Nutrient-rich waters flowing into the bay trigger extensive algae growth. When the algae die and sink, bottom-dwelling bacteria decompose the organic matter, consuming oxygen in the process and forming the dead zone.

Weather variables—including wind speed and direction, precipitation amounts and temperature—also affect the size of dead zones. In 2014, sustained winds from Hurricane Arthur mixed Chesapeake Bay waters, delivering oxygen to the bottom and dramatically reducing the size of the hypoxic zone to 0.58 cubic miles.

In addition to forecasting the size of the mid-summer low-oxygen zone, the computer models assess the portion that is entirely oxygen-free—the so-called anoxic zones that form in early and late summer. The anoxic portion of the Chesapeake Bay dead zone is expected to be 0.27 cubic miles in the early summer, growing to 0.28 cubic miles in the late summer.

Later this year, oxygen levels will be measured by the Chesapeake Bay Program's partners at the Maryland Department of Natural Resources and the Virginia Department of Environmental Quality. The program coordinates a multi-year effort to restore the bay's water quality and habitat quality and to increase its productivity.

The size of the Chesapeake Bay's dead zone has been measured annually since 1950. Low-oxygen regions also form each summer in the lower portions of the bay's major tributaries and episodically in many smaller tributaries.

"Forecasting how a major coastal ecosystem, the Chesapeake Bay, responds to decreasing nutrient pollution is a challenge due to year-to-year variations and natural lags," said Donald Boesch, president of the University of Maryland Center for Environmental Science. "But we are heading in the right direction."
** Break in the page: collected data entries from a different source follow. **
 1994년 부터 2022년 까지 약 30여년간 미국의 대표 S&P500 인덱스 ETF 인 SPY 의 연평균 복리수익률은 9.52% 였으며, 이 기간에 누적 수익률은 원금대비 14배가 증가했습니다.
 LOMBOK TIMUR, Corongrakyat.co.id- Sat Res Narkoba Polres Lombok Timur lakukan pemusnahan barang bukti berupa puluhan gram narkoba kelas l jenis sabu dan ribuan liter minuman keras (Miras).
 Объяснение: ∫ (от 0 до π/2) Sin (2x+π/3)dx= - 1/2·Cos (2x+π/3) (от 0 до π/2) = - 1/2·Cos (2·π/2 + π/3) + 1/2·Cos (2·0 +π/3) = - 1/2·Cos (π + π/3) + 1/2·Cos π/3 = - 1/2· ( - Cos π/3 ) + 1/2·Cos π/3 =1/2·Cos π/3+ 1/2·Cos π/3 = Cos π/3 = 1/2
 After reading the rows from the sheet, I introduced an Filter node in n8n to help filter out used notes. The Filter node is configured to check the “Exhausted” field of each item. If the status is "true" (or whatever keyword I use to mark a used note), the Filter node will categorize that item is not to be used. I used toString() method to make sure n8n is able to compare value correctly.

The Chesapeake data are collected and analyzed through a cooperative agreement between USGS and the Maryland Department of Natural Resources. USGS operates more than 400 real-time stream gages and collects water-quality data at numerous long-term stations throughout the Chesapeake Bay basin to track how nutrient loads are changing over time.
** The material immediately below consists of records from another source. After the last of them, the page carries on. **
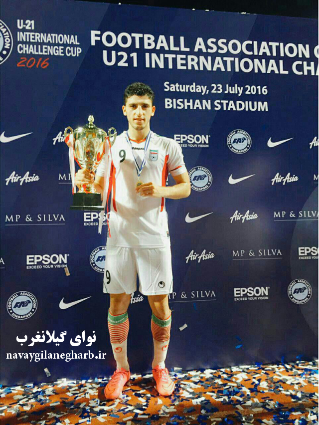 جام قهرمانی تیم ملی جوانان در تورنمنت سنگاپوربردستان بازیکن گیلانغربی+عکس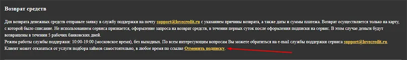 Вместе с этим, клиент вправе в любой момент отписаться от платных услуг LoveCredit и заняться поиском подходящего предложения самостоятельно.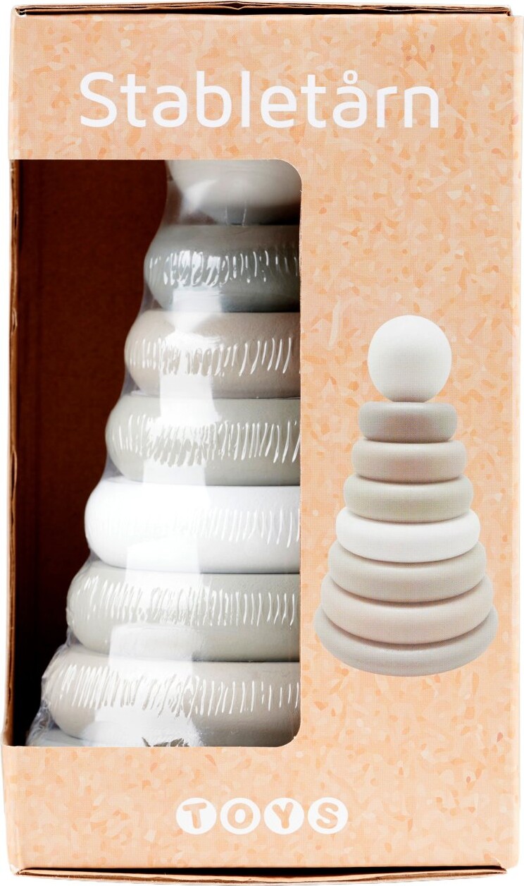 Rigtig fint stabeltårn fremstillet i træ, og designet med fine, sarte farver Stabeltårnet er…
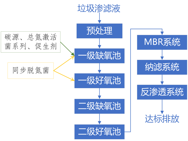 垃圾滲濾液生化處理常用A2O2 +MBR工藝,其中MBR工藝出水水質(zhì)較好、各污染物去除率較高,因此應(yīng)用最廣。但是生化處理常用碳源以甲醇、葡萄糖居多,此類碳源成本高、性價比低,且甲醇易燃、有毒,存在安全隱患,葡萄糖安全性高,但投加不便、易導(dǎo)致污泥膨脹。而且垃圾滲濾液鹽度較高,對耐鹽能力差的微生物而言處理難度大。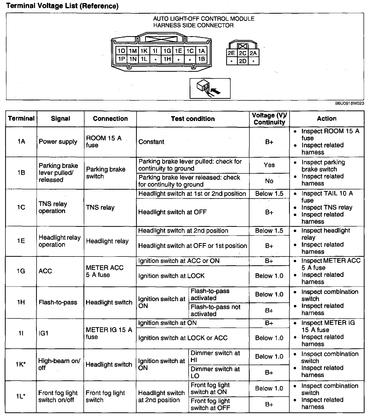 AUTO LIGHT-OFF CONTROL MODULE INSPECTION1. Measure the voltage at the auto light-off control module terminals as indicated below.

"These ecological forecasts are good examples of the critical environmental intelligence products and tools that NOAA is providing to stakeholders and interagency management bodies such as the Chesapeake Bay Program," said Kathryn Sullivan, under secretary of commerce for oceans and atmosphere and NOAA administrator.

"With this information, we can work collectively on ways to reduce pollution and protect our marine environments for future generations."